3.2 Categorization of Cancer Biomarkers
In biomedical science, cancer biomarker identification is one of the major multidisciplinary areas and their categorization should be considered contextual. Further, due to the enhancement in recent advanced technologies, enormous cancer biomarkers have been reported thereby it is difficult to categorize cancer biomarkers by considering only one aspect (Henry and Hayes 2012). However, according to contemporary findings, several attempts have been applied to classify cancer biomarkers (Nguyen et al. 2020). A basic schematic representation for the classification of cancer biomarkers is shown in Fig. 3.1.
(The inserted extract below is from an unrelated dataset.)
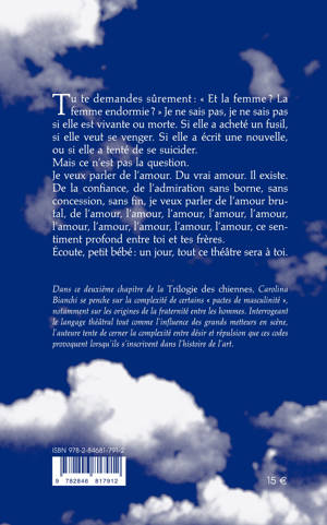 The Brotherhood fait suite à La Mariée et Bonne nuit Cendrillon qui avait provoqué une onde de choc lors de sa première à Avignon où Carolina Bianchi amenait des réflexions sur la performance et la théâtralité, à travers un lit d’histoires de viols brutaux et de meurtres de femmes. Dans ce deuxième chapitre de la Trilogie des chiennes, Carolina Bianchi se penche sur la complexité de certains « pactes de masculinité », notamment sur les origines de la fraternité entre les hommes, mettant en lumière les codes mutuels violents qui contribuent à normaliser et perpétuer le viol et la violence sexuelle à travers leur lexique. Carolina Bianchi utilise les principes du théâtre pour articuler des voies possibles à cette discussion, créant des liens forts entre la représentation et le traumatisme réel, les structures de pouvoir dans l’art et la poésie radicale, les origines de la misogynie et une sexualité en crise. La structure de cette réflexion se révèle être un piège, affaiblissant l’auteurité de Bianchi et la transformant en un personnage qui subit les conséquences d’avoir scruté cette « fraternité » de si près.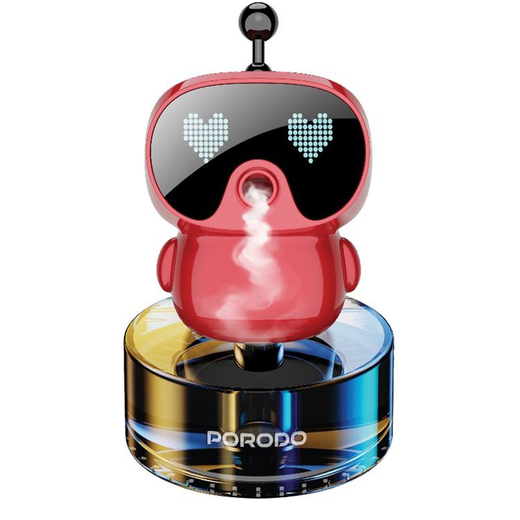 Porodo Robovibe Smart Car Aroma Diffuser with Animated Pixel, 4 Adjustable Fragrance Intensity Levels, 300mAh Battery, 50mL Oil Tank Capacity, USB-C Charging Port, Diffusing & Deodorization - Red

3.2.1 Classification of Cancer Biomarkers Based on Biomolecules
3.2.1.1 DNA Cancer Biomarkers
Genetic alteration, gene rearrangement, and point mutation are responsible for cancer progression (Housman et al. 2014; Torgovnick and Schumacher 2015; Li et al. 2021a). The most common cancer DNA biomarker includes single nucleotide polymorphisms (SNPs). In a recent study, SNP–SNP interactions have been identified as a potential indicator of prostate cancer aggressiveness (Lin et al. 2021). Another study demonstrated m6A-associated functional SNPs (PLEKHA8, SMUG1, CDC123, RMI2, ACSM5) as major functional variants for thyroid cancer (Ruan et al. 2021). Moreover, researchers have defined circulating tumor DNA in localized nonsmall cell lung cancer as a prognostic biomarker and predicted the survival rate (Peng et al. 2020). Epigenetic CpG methylation also provides a broad range for early cancer detection and can be used as a cancer biomarker (Locke et al. 2019).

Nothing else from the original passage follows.